Por último, decidió que ya era hora de encontrar a John Thomas y volver a casa. Hizo pedazos mentalmente las órdenes de Betty; después de todo, ésta no era Johnnie.
Por lo tanto, aguzó su oído hasta el punto de «búsqueda», y trató de localizar a Johnnie. Escuchó durante largo rato y oyó varias voces, la voz de Betty…, pero ésta no le interesaba. Continuó escuchando.
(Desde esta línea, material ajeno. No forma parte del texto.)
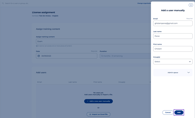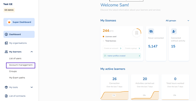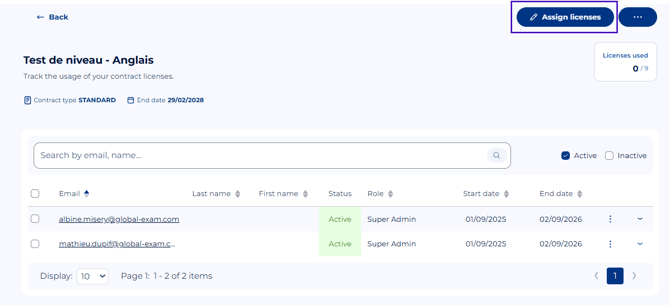 Once you have an Administrator account in the context of a contract with GlobalExam, you can activate your learners' licenses yourself.
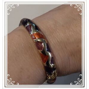 Pretty Vintage Goldtone Multi-Color Enamel Hinged Bangle Bracelet
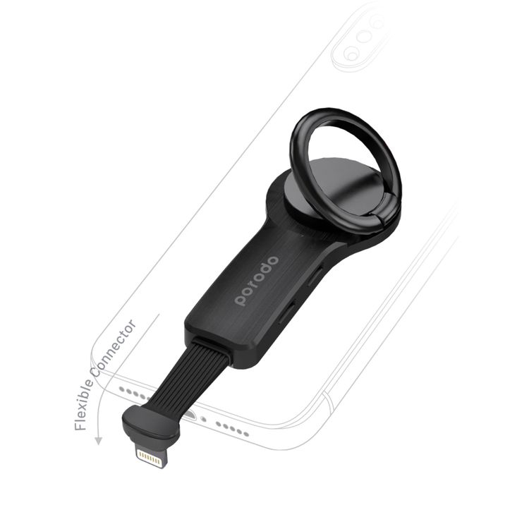 محول بورودو مزدوج بمنفذ لايتنينج مع مسكة دعم للهاتف، تيار شحن 2 أمبير، دعم للميكروفون والصوت، متوافق مع أجهزة اللايتنينج، مصنوع من هيكل ABS والمعدن، تصميم فائق النحافة - أسود

¡Aquí estaba Johnnie, al fin! Afinó su mecanismo de escucha, y prestó atención. Sí, se hallaba en la gran casa. ¡Caramba! La voz de Johnnie tenía el mismo tono que cuando discutía con su madre. Lummox aguzó aún más el oído y trató de descubrir qué sucedía.
Hablaban de cosas incomprensibles para él. Pero una cosa estaba clara; alguien trataba mal a Johnnie. ¿Sería su madre? Sí, la oyó una vez, y sabía que tenía el privilegio de tratar mal a Johnnie, del mismo modo que Johnnie podía reñirle a él, sin que eso importase. Pero había alguien más, varias personas, y ninguna de ellas gozaba de tal privilegio.
Lummox decidió que había llegado el momento de actuar, y se puso en pie.
John Thomas nunca pasó en su discurso de «El pobrecillo…». Se oyeron gritos y chillidos en el exterior; todos los que se hallaban en la sala se volvieron para ver qué sucedía. Los gritos se fueron acercando rápidamente, y Greenberg se disponía a enviar al ujier a ver qué pasaba, cuando de pronto resultó innecesario. La puerta de la sala se bombeó primero y después saltó de sus goznes, apareciendo por la abertura la parte delantera de Lummox, que derribó parte de la pared arrastrando, a modo de collar, el marco de la puerta. Abriendo la boca, dijo con su vocecita:
—¡Johnnie!
—¡Lummox! —gritó su amo—. ¡No te muevas de ahí! ¡No avances ni un centímetro!
Todos los rostros lucían en su expresión la mezcla de diversos sentimientos. El más interesante era el del delegado espacial, Greenberg.